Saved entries
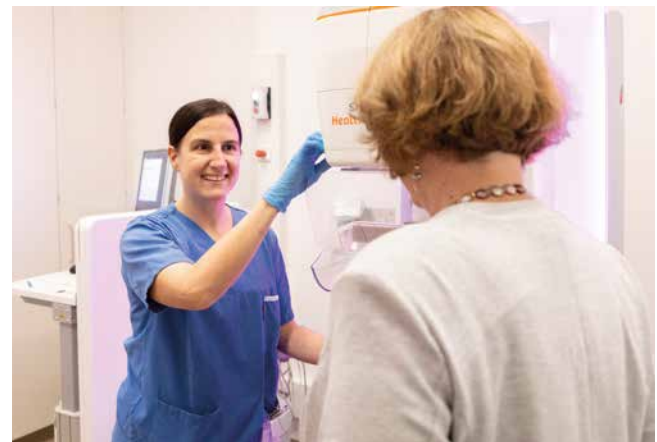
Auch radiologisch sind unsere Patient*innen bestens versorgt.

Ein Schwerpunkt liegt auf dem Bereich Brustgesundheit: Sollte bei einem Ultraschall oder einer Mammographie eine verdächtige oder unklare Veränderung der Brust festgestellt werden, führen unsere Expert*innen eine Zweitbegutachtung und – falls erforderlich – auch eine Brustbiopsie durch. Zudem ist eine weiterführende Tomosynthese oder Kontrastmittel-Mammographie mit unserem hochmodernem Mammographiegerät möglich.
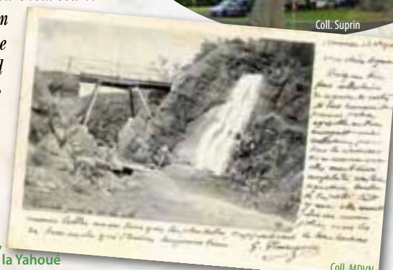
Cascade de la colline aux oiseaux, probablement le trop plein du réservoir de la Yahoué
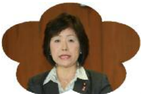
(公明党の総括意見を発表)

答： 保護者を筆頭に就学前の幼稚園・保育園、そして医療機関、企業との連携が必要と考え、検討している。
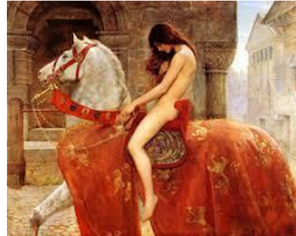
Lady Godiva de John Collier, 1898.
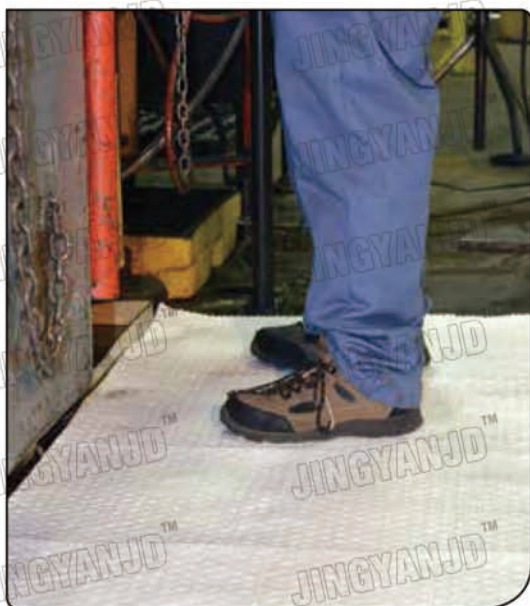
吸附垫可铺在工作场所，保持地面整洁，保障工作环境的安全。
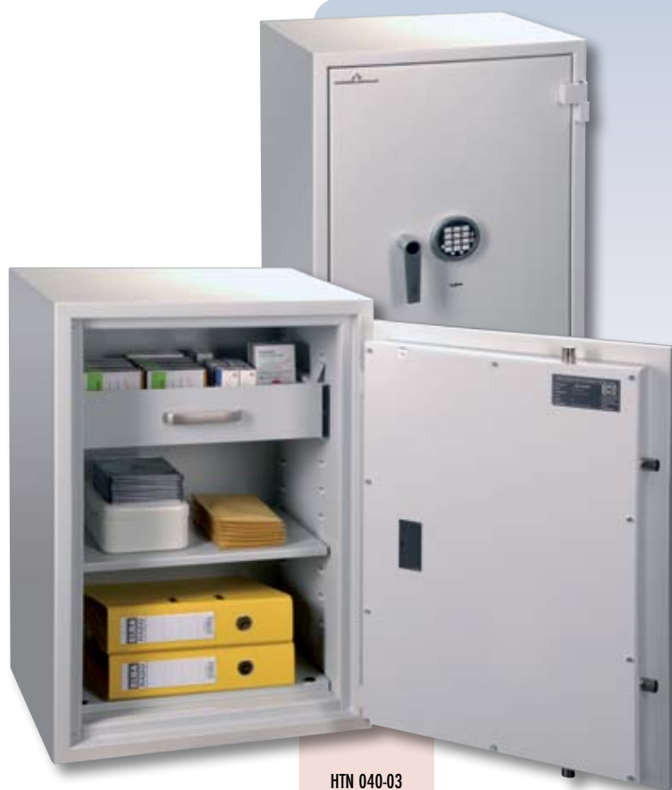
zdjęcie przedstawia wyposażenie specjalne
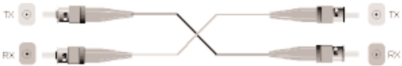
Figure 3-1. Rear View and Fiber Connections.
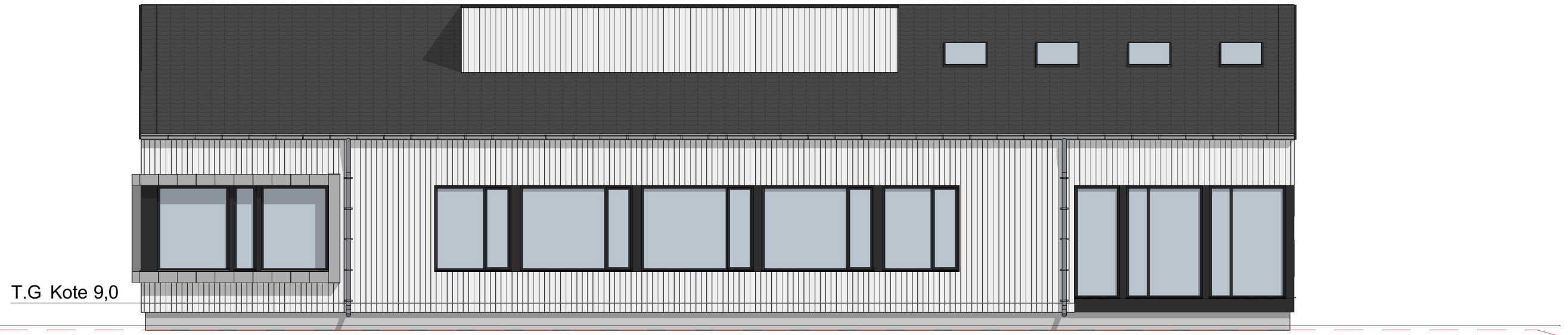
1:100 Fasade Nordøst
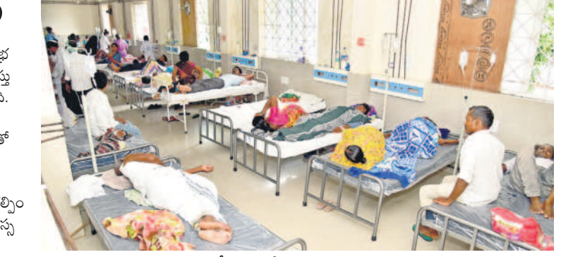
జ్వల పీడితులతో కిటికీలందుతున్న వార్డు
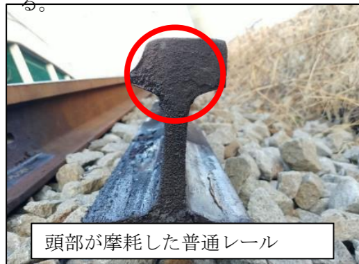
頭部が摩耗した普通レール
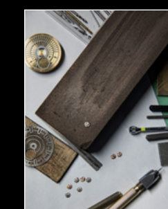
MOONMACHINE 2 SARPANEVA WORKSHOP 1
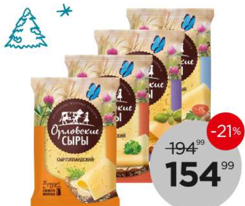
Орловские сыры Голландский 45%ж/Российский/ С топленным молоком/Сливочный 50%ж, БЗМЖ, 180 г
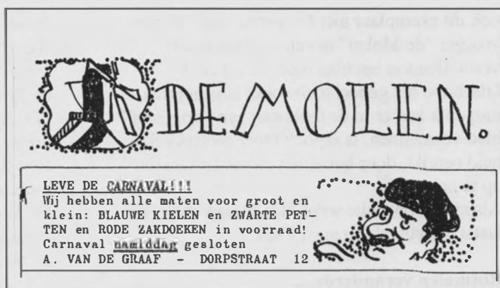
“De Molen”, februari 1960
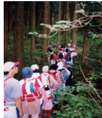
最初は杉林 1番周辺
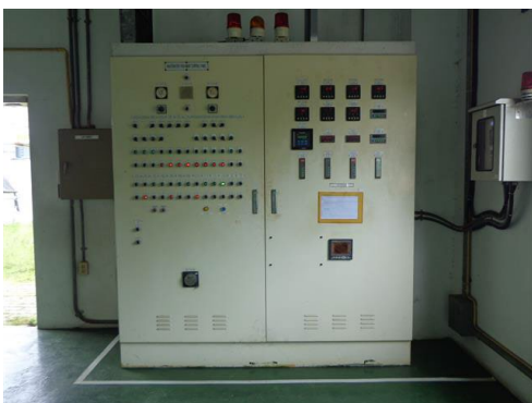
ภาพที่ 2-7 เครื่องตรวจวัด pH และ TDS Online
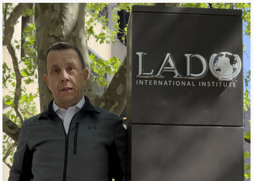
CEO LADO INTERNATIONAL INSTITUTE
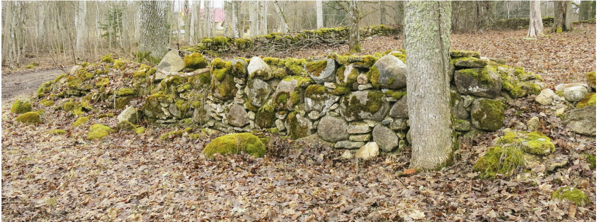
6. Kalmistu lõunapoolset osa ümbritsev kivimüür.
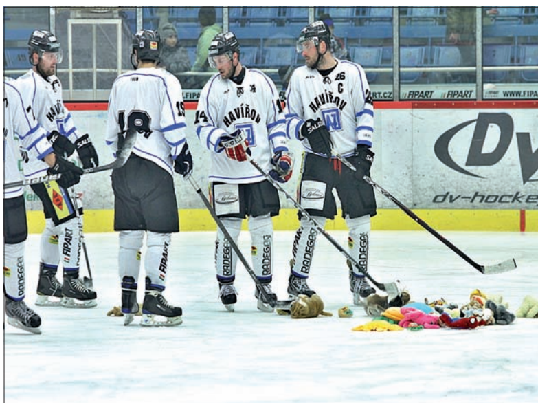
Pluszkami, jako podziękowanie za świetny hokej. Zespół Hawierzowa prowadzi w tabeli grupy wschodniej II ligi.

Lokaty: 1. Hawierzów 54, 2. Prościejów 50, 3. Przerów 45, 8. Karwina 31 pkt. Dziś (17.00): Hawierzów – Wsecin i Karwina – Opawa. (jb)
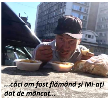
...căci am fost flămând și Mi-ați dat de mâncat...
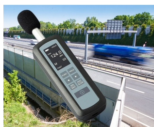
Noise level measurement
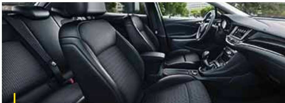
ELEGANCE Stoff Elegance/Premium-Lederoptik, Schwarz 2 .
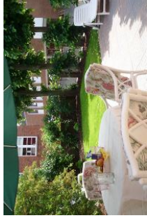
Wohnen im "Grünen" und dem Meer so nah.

---

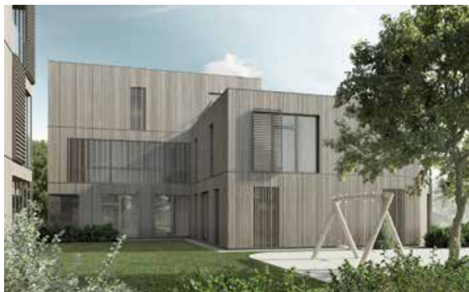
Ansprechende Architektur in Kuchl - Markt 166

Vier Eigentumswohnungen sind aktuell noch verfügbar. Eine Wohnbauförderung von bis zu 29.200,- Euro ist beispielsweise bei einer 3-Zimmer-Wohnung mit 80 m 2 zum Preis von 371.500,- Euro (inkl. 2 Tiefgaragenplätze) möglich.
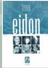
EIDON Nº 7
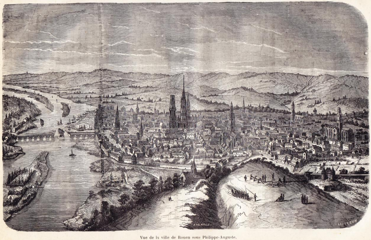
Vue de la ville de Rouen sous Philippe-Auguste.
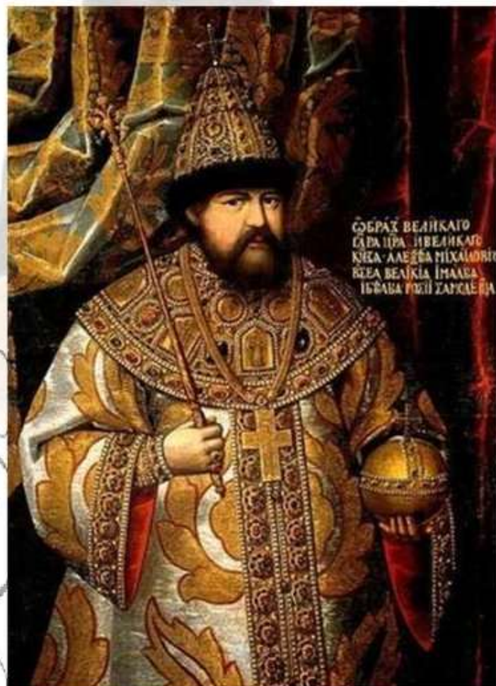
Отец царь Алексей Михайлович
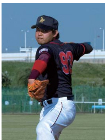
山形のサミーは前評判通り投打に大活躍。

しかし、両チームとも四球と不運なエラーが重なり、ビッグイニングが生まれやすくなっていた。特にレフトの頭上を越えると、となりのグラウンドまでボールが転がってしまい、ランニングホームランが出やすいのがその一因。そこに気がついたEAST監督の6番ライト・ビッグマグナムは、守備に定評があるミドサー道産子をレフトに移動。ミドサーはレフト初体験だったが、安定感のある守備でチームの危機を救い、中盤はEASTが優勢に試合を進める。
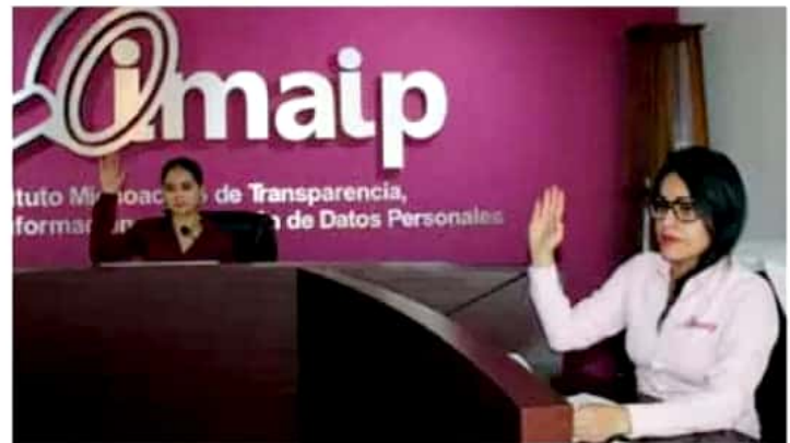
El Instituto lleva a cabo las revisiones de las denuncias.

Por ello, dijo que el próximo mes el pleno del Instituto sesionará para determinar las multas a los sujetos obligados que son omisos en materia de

:: Exercise details ::
In the entries above, restate word for word the lines between the one holding "El Instituto lleva" and the one holding "Por ello, dijo", inclusive, and nothing besides.

:: Answer to this problem ::
El Instituto lleva a cabo las revisiones de las denuncias.

Por ello, dijo que el próximo mes el pleno del Instituto sesionará para determinar las multas a los sujetos obligados que son omisos en materia de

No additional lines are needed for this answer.